Tuesday, 20 September 2011

London Fashion Week #1

Mulberry
Mulberry again pulled out all the thematic stops for its morning of accessories and A-listers at Claridge's. Amid balloon animals and pink lemonade were today's big gets: Kristen Stewart and Kate Moss, a well-known fan of the Bayswater satchel. Curiously, she didn't carry Mulberry to the show, but played her part in a denim shirt and jeans from the label's current Resort collection. No matter—she's still the paparazzi-hounded face that sold a million bags. Are they hoping she'll do the same with denim?

Creative director Emma Hill's cutesy, all-things-English fetish took to the festive seaside in a continuation of Resort. There's a joke here about the wetness and less-than-sizzling temperatures of a British summer—thus the ribbed leggings and all those adorable swingy anoraks, Hill's take on a classic kagool. And by that reasoning, great little buttery, cropped leathers made perfect sense.

A Mulberry show flips the script, making clothes the accessories that frame the bags. A bomber and skirt encrusted with chunks of blue crystal exists only for its accompaniment of a matching mini Lily chain-strapped bag. Along with updates on beloved classics like the Alexa satchel (now with teddy-bear head rivets) and Evelina hobo (now in lemon or navy patent, and grass green leather) was their new Travel collection, the highlight of which was a neat, boxy little camera bag.
Vivienne Westwood Red Label
Today's Vivienne Westwood Red Label show was a relatively subdued affair. Emphasis on relatively: Per usual, the collection featured feral hair and makeup, and a grab bag of looks. It also closed with ZZ Top's "Gimme All Your Lovin'" and the charming sight of model Eliza Cummings, in a strapless red ball gown, picking up the tiny Charlotte Free and carrying her down the catwalk, as Free was struggling in her shoes. Too often it goes without saying that Westwood wants everyone—models included—to have fun at her shows, and in her clothes. Well, good on her for that.

And good on Westwood, too, for exerting some real design discipline this season. There was a clear proposition threading its way through the show, which was to take suiting pieces—jacket, blouse, trousers—and highlight one element by giving it a sculptural dimension, or magnifying its proportion. The idea fared better in some garments than others: A wrapped suit jacket with a draped lapel was very good, whereas a pair of cropped trousers with a seriously low-hanging crotch was a little silly. In general, though, these pieces worked, as did the simplest of Westwood's draped dresses, Grecian-looking silk jersey numbers in black and white, and diaphanous, bias-cut frocks in a rust-tone print. There were other nice looks along the way, as well, and several kooky ones, inevitably. You could argue that Westwood should edit those pieces out, but that would be tantamount to suggesting she have less fun.
Matthew Williamson
"I guess people think of Matthew Williamson as the girl marooned on the beach," said the designer before his show. "But this is a wardrobe for a woman wherever she may be."
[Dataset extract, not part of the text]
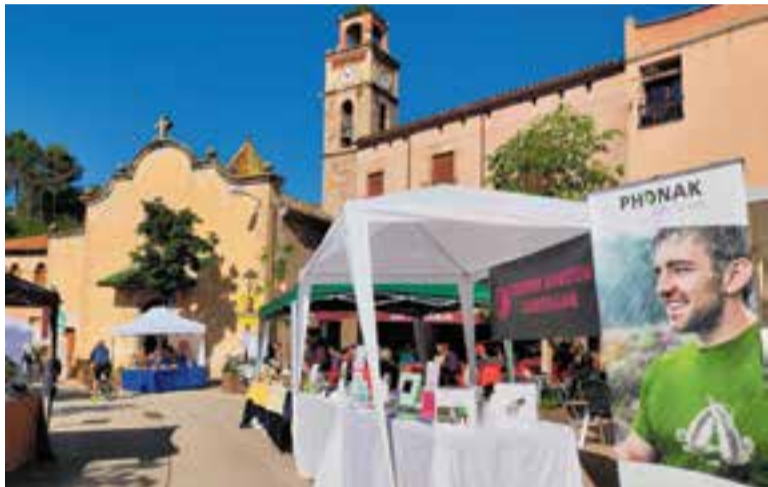
Una imatge de la Fira de Sant Ponç de Sant Llorenç de l'any passat.

So, castaway no more, but still in love with her silky bohemia? It's not the first time that Williamson has tried to square these elements. The best-looking proposal opened the show. There's nothing chicer than traversing city streets in July wearing a bright buttoned-up shirt and saronglike wrap skirt topped by a proper blazer with a glint of silver tile, is there? Even if pulling it all off is hard to imagine without the benefit of Anja Rubik proportions boosted by Williamson's Charlotte Olympia platform sandals, his first shoe collaboration ever.

Ultimately, the answer shouldn't be so hard. A couple of seasons of ubiquitous color and print have taught us that the stuff goes everywhere. Williamson found his legs in chiffon blouses, here printed with digitized Japanese blossoms, tucked into bright trousers. He manipulated a floral until it looked like an abstract ikat and cut it into fluid silk onesie shirtdresses and jumpsuits. A little tweed jacket with an embellished neckline is one we've seen elsewhere but still makes sense here.

Conversely, eveningwear, usually a strong point, was uneven. At times, Williamson seems to fall in love with his embellishments and lose equilibrium. The showgirl sprays of ostrich feathers on cutwork lace tipped the scales too far for any setting.